Two major awards were granted at the 2020 Association for Computing Machinery's Special Interest Group on Knowledge Discovery and Data Mining (ACM SIGKDD) to Rediet Abebe (Ph.D. '19) and CS Professor Thorsten Joachims.
Rediet Abebe—advised by Jon Kleinberg, Cornell CS's first Black woman Ph.D., currently at the Harvard Society of Fellows, and soon to be Assistant Professor at the University of California, Berkeley—won the ACM SIGKDD Dissertation Award for her doctoral thesis, Designing Algorithms for Social Good. This annual award by ACM SIGKDD recognizes "excellent research by doctoral candidates in the field of data mining and knowledge discovery." Learn more from CS News about Abebe's many activities and achievements (be sure to scroll down).
Also at 2020 ACM SIGKDD, Thorsten Joachims, professor of Computer Science and Information Science at Cornell University, was recognized with an Innovation Award for his
research contributions in machine learning, including influential work studying human biases in information retrieval, support vector machines (SVM) and structured output prediction. Notably, Joachims pioneered methods for eliciting reliable preferences from implicit feedback, methods for unbiased learning-to-rank and ranking methods that provide fairness guarantees. The ACM SIGKDD Innovation Award is the highest honor for technical excellence in the field of knowledge discovery and data mining.

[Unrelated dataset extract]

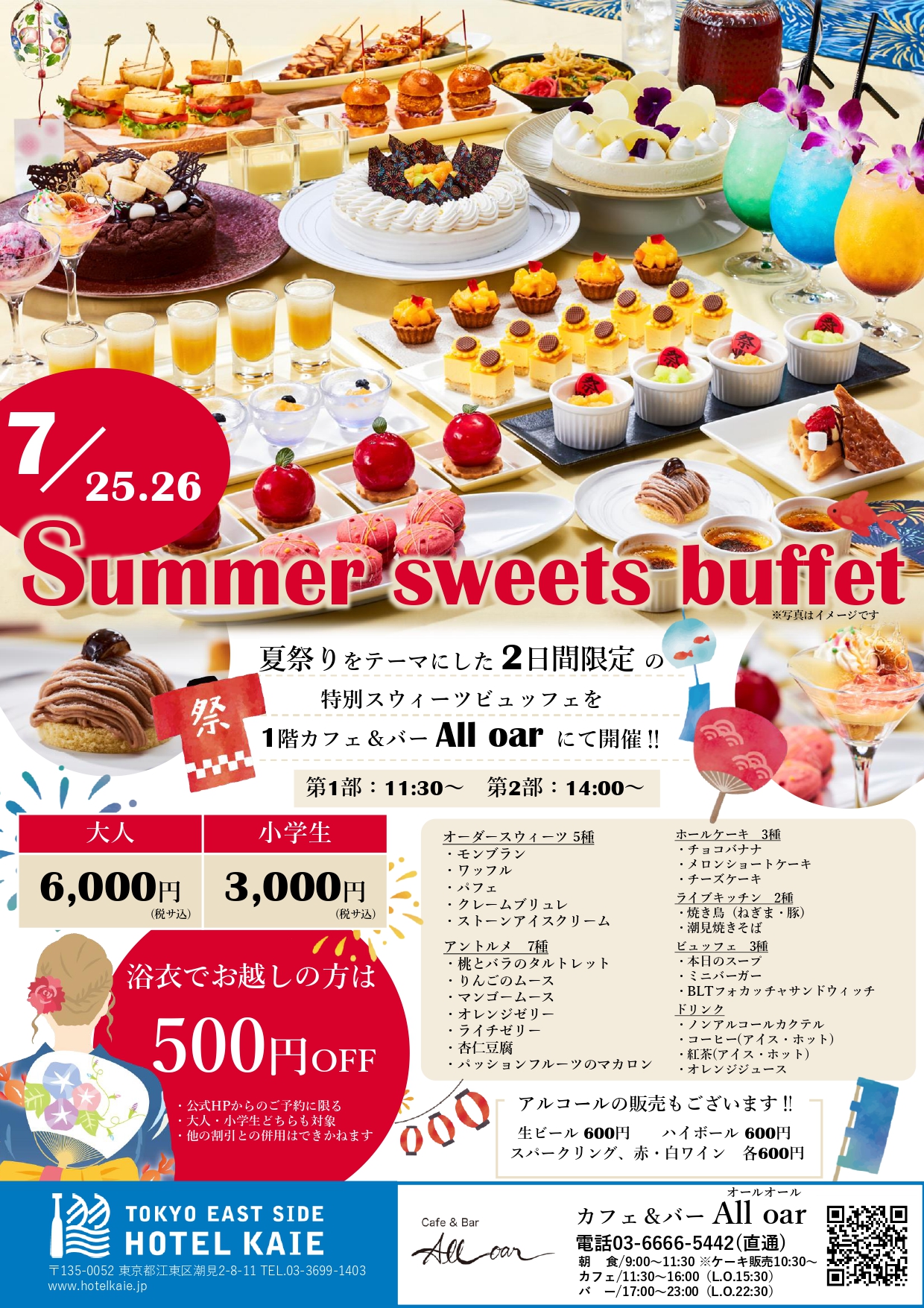 ホテル櫂会 カフェ&バー All oarでは、2025年7月25日(金)・26日(土)の2日間限定で、夏の特別イベント【Summer Sweets Buffet】を開催します。

It is conferred on an individual or group of collaborators whose outstanding technical innovations have greatly influenced the direction of research and development in the field.
"I am greatly honored by this recognition from the KDD community," said Joachims. "KDD is known for innovation—not only as an academic endeavor, but also with an eye towards real-world impact and social good."